Saturday, January 5, 2013

A few thoughts on the violence in "Django Unchained"


Part of me has always been skeptical of movie violence. Something feels immoral, or perhaps amoral, about the ways movie protagonists--the characters we sympathize with, or even relate to--deploy righteous violence as a matter of course. Killing is integral to the meanings of so many movies that I'm having a hard time picking only a few examples. I'm thinking of the swaggering, idiotic imperialism of violence in "The Expendables." The joyous violence of "Looper," in which killing seems the logical way to tie up loose threads of the plot. The countless movies, like the two I've just mentioned, in which our protagonist is a murderer by trade.  In movies like these violence does not have consequences beyond those immediate to our hero(ine). Victims do not have families, characters appear in the film just to die (or, rather, to be killed by our hero), and death by gunshot or stabbing is usually a momentary bloodless affair.

Then there's "Django Unchained," a movie filled with righteous murder and ecstatic fountains of spurting blood. But not only those things. Each moment of fun violence comes as part of Django's quest to rescue his wife, in which he kills dozens of white people who make their living on slavery. There are also moments of stunning, revolting violence, when the film shows us slaves whipped, set upon by dogs, or the nearly unwatchable scene of two slaves forced to fight to the death for the pleasure of white aristocrats.

The aesthetics of violence in the film aren't too hard to puzzle out: "Django" wants us to realize that some sorts of violence are righteous, and some aren't. Unlike "The Expendables," in which "bad guys" are so-labelled and marked for death by awful directorial fiat, in "Django" the bad guys are truly bad. Each of them has done physical or existential violence to Django and his wife by being a cog in the institution of slavery. The retribution sought by Django is an appropriate application of the popular cinematic maxim that the protagonist of an action movie must take justice into his own hands. That maxim makes sense here when, usually, it strikes me as scary. That's because, in the world of "Django," all the things done to Django, to his wife, and to every other slave in the film are perfectly legal. What other option does Django have but violence?


Still, I found myself wondering, as I sat through more scenes of bloody sadism: is this really necessary? It might be fun, and it might be righteous, but why? Why take pleasure in this violence? I think there are two parts to the answer.

1) Django (and, by proxy, the audience) deserves it. Django suffered through slavery (and we suffer from its memory--some of us more profoundly than others). "Django's" violence is payback, and though there are reasons why it might not feel good, those reasons are not within the scope of this film. The film is about triumph over and revenge on slavery.

2) The different aesthetics of violence in "Django" accentuate the film's unreality. Can anyone believe they are seeing real violence, or anything approaching it, when the violence is depicted in such profoundly different ways in the same film?

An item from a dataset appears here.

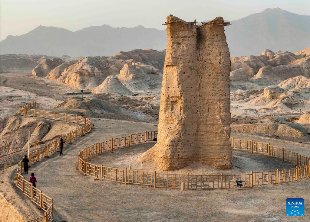 A drone photo taken on Oct. 31, 2024 shows the Kizilgaha Beacon Tower at sunset in Kuqa City, northwest China's Xinjiang Uygur Autonomous Region. (Xinhua/Hu Huhu)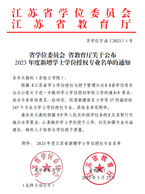 近日,江苏省学位委员会和江苏省教育厅下发《关于公布2023 年度新增学士学位授权专业名单的通知》(苏学位字函〔2023〕1号),贝博新增的能源化学、应用统计学、光电信息科学与工程、智能装备与系统、数据科学与大数据技术5个专业获批为学士学位授权专业。

The juxtaposition of the fight-to-the-death scene mentioned earlier and the hyper-stylized slaveholder deaths that register as cool or interesting (and even then only for a moment) highlights the ways that none of the violence we're seeing in real. The violence and death meted out by Django is limited only by our imaginations. The violence and death meted out to slaves is limited by the bounds of taste. Django's violence can be righteous and fun only because it isn't real, and everyone knows it.

I think "Django Unchained" is a great movie. The heightened reality of an exploitation film (which is at least part of what Django is) suits the antebellum south very well. And, more than most films, it's conscious of its violence. The film deploys violence according to a morality that makes sense in our own world, which is more than most movies can say.